▶ [Description of the task]:
Set down every line from the one with "tbh [to be honest]" to the end of the entries, both ends included, exactly as it reads and without pictures.

▶ [Exercise inputs]:
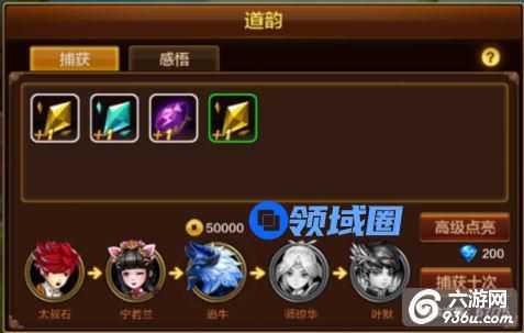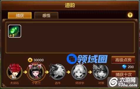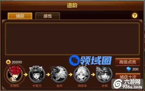 每次捕获道韵时有几率点亮下一个英雄头像,也有概率回到原点重新开始,越往后越有几率获得更好的道韵,高级点亮就是消耗元宝直接点亮后面的英雄头像进行捕获。
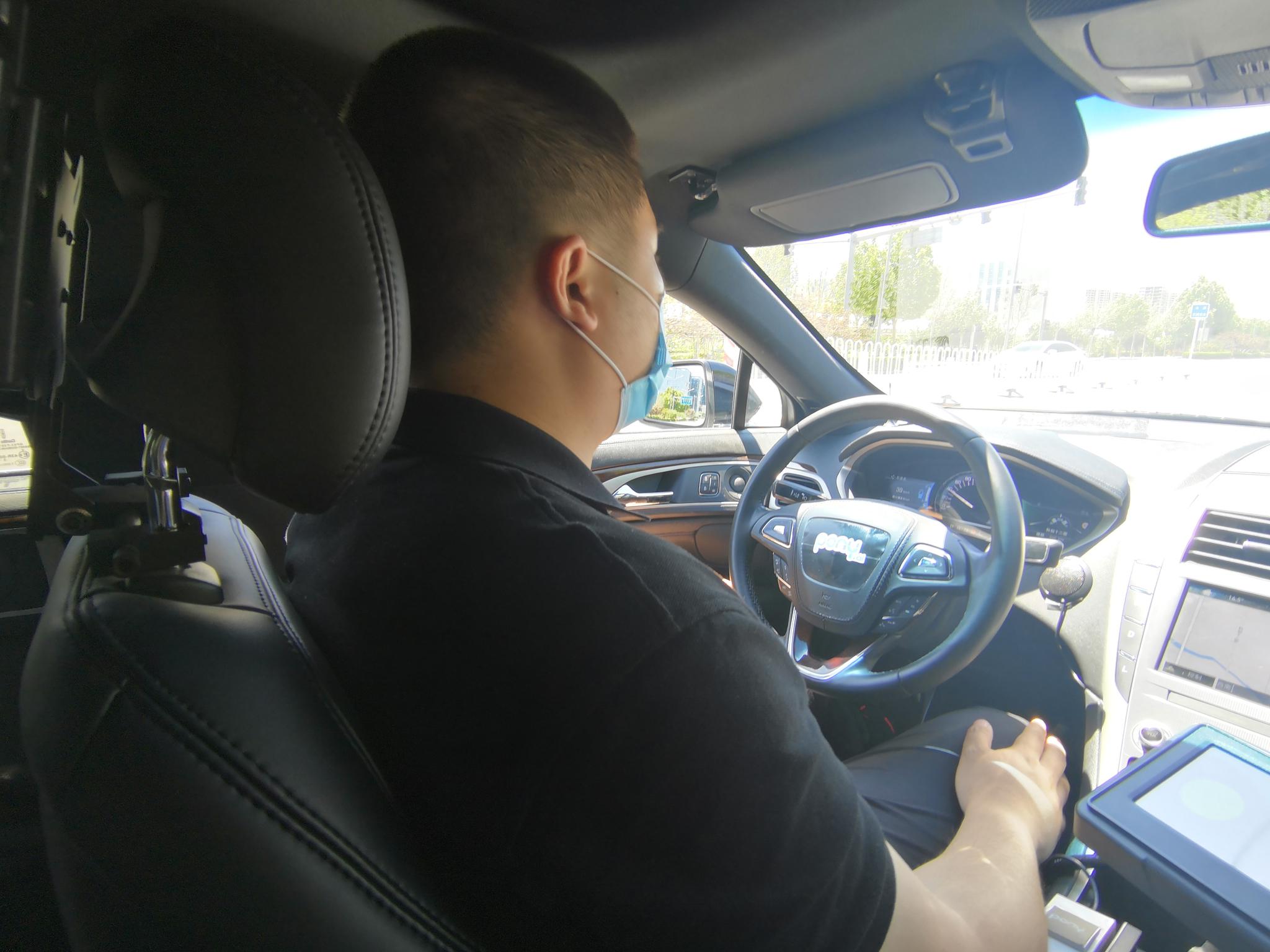 安全员将双手放开,让车辆自动行驶。
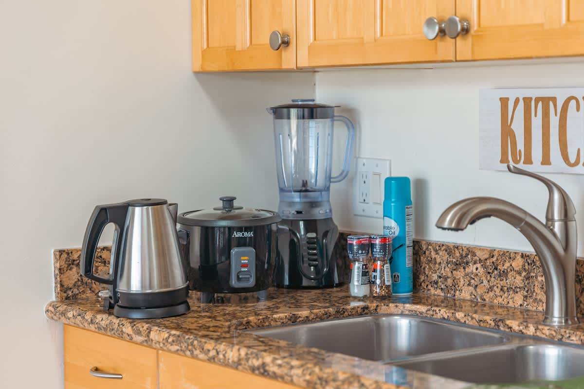 – Fully equipped with a toaster, coffee maker, rice cooker, blender, kettle, pots, pans, silverware, cookware, and dishes.
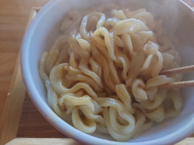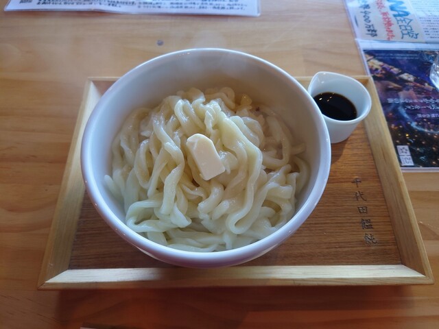 今日の昼飯。細君とドライブで館林の隠れた名店UDONBIRTRO千代田饂飩さんでとりました。注文は、細君が、釜バター饂飩、私はみそめんバター、館林プリンを2個、千代田だし巻き玉子をシェアしました。だし巻き玉子が先に来たので、実食。ふんわりとした食感と表面の焼き具合、出汁が浸みた味。形は不格好でもとても美味しゅうございます。さて、みそめんバターが来ましたので、バターを溶かしながらかき混ぜて実食。相変わらずな独特な食感、ふわっとした柔らかさの中に腰がある独自の食感。ほんのり香味噌の風味とバターのコクが味の広がりを感じます。シンプルながら、奥行きのある優れた逸品ですね。で、館林プリンも今流行の柔らかめのプリンではなく、しっかりした固めの伝統的なプリン。保守本流な美味しいプリンでした。あんまり知られたくない隠れた名店です。ごちそうさまでした。
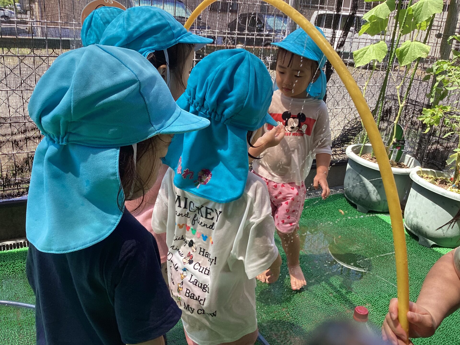 水遊びが始まり子どもたちは毎日「今日は水遊びあるかな?」と楽しみにしています。
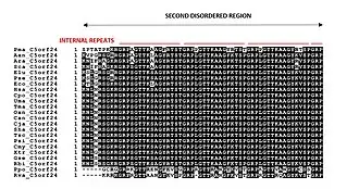 Multiple sequence alignments revealed the C5orf24 protein has been highly conserved and likely originated in cartilaginous fishes nearly 465 million years ago.[7][32][35][36] A series of internal repeats in the second disordered region were additionally identified in proteins found within jawless fishes and invertebrates, suggesting an orthologous domain began even further back in evolutionary history.[7]
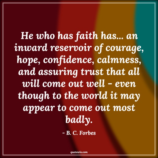 He who has faith has... an inward reservoir of courage, hope, confidence, calmness, and assuring trust that all will come out well - even though to the world it may appear to come out most badly.
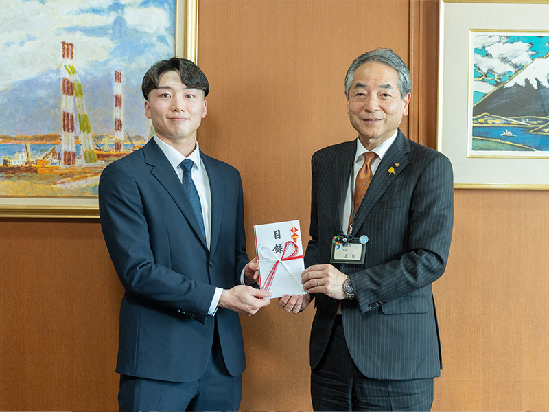 今回の訪問に際し、黒川はスポーツや文化の分野で活動する地元の子どもたちへの支援を目的として、松浦市へ寄付金も贈呈した。
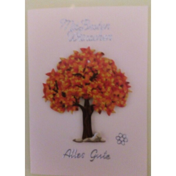 2:1-Angebot - bitte teilt mir nach der AF die weitere Kartennummer mit, danke: Diese cremefarben Karte aus Karton mit weißem Papierumschlag ist im normalen Postkartenformat 10 x 15 cm. Ich habe sie mit einem 3 D-Motiv mit einem herbstlich-roten Baum beklebt und mit den Stickern "Mit besten Wünschen Alles Gute" sowie einer Blüte beklebt. Innen ist die Karte unbedruckt und kann problemlos beschrieben werden. Ich verzichte auf die Einzelverpackung in Folie bei meinen Karten aber schütze sie auf dem Transport mit einem Frühstücksbeutel, der weiter verwendet werden kann.
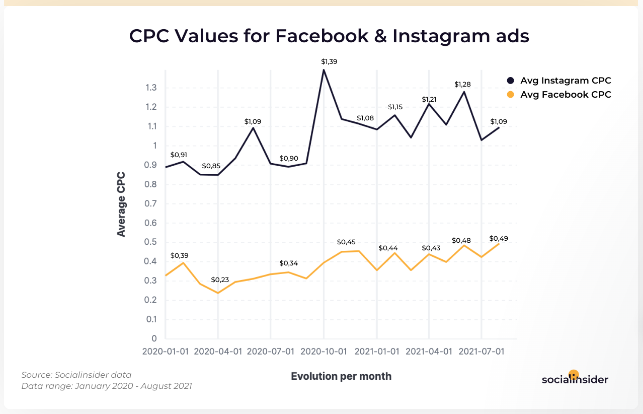 Eine Studie von Socialinsider ergab, dass der durchschnittliche CPC für Facebook-Anzeigen 0,49 $ beträgt, während der für Instagram 1,09 $ beträgt. Da Instagram höhere Kosten pro Klick hat als Facebook, müssen Sie Ihr Targeting verbessern, um sicherzustellen, dass die Klicks, die Sie anziehen, von hoher Qualität sind.
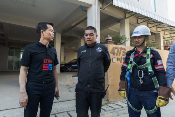 บรรยายภาพ: ธัญพัฒน์ ตั้งทวีทอง หัวหน้าฝ่ายปฏิบัติการรัฐกิจสัมพันธ์ บริษัท ทรู คอร์ปอเรชั่น จำกัด (มหาชน) นำทีมร่วมกับ พ.ต.ท.ตฤณ ลีลานุช สารวัตรกลุ่มงานสนับสนุน คดีเทคโนโลยี บก.ปอท. สอบสวนกลาง และ สำนักงาน กสทช. ร่วมกันเข้าตรวจอาคารต้องสงสัย อ.แม่สาย จ.เชียงรายตัดอุปกรณ์ส่งเน็ตข้ามแดน เร่งขยายผลเครือข่ายปราบมิจฉาชีพ
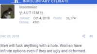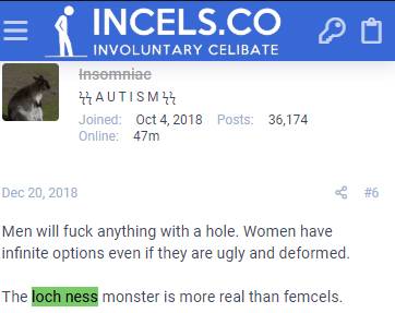 tbh [to be honest] most incels could probably have sex with some used up cumdumster but [the] effort you have to put [in] for it is simply not worth it, getting rejected, mocked thousands of times and ofc [of course] competing against dozens of other dicks while 1/10 queen just sits back and waits for the winner.
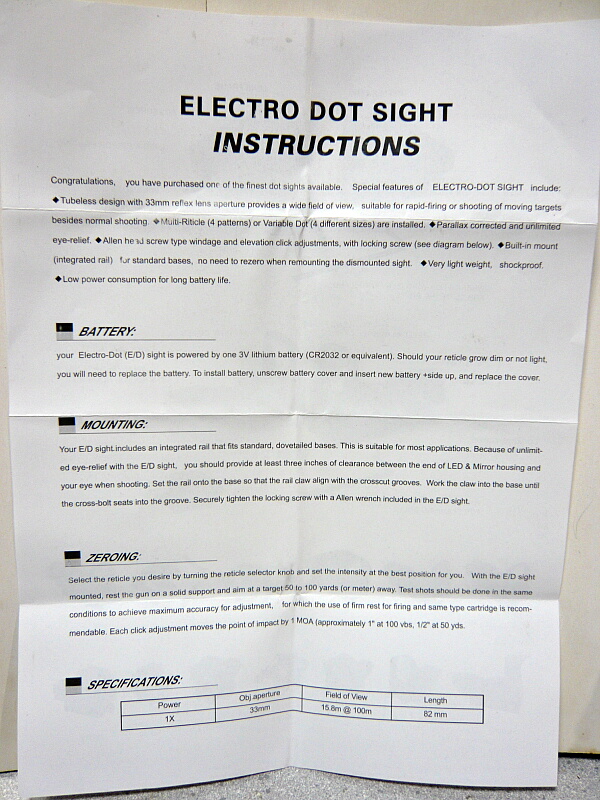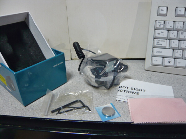 安い割には色々入っています。ドットサイト+レーザー本体、レンズ拭き、Lレンチ3種、説明書、CR2032電池1個。

▶ [Task result]:
 tbh [to be honest] most incels could probably have sex with some used up cumdumster but [the] effort you have to put [in] for it is simply not worth it, getting rejected, mocked thousands of times and ofc [of course] competing against dozens of other dicks while 1/10 queen just sits back and waits for the winner.
 安い割には色々入っています。ドットサイト+レーザー本体、レンズ拭き、Lレンチ3種、説明書、CR2032電池1個。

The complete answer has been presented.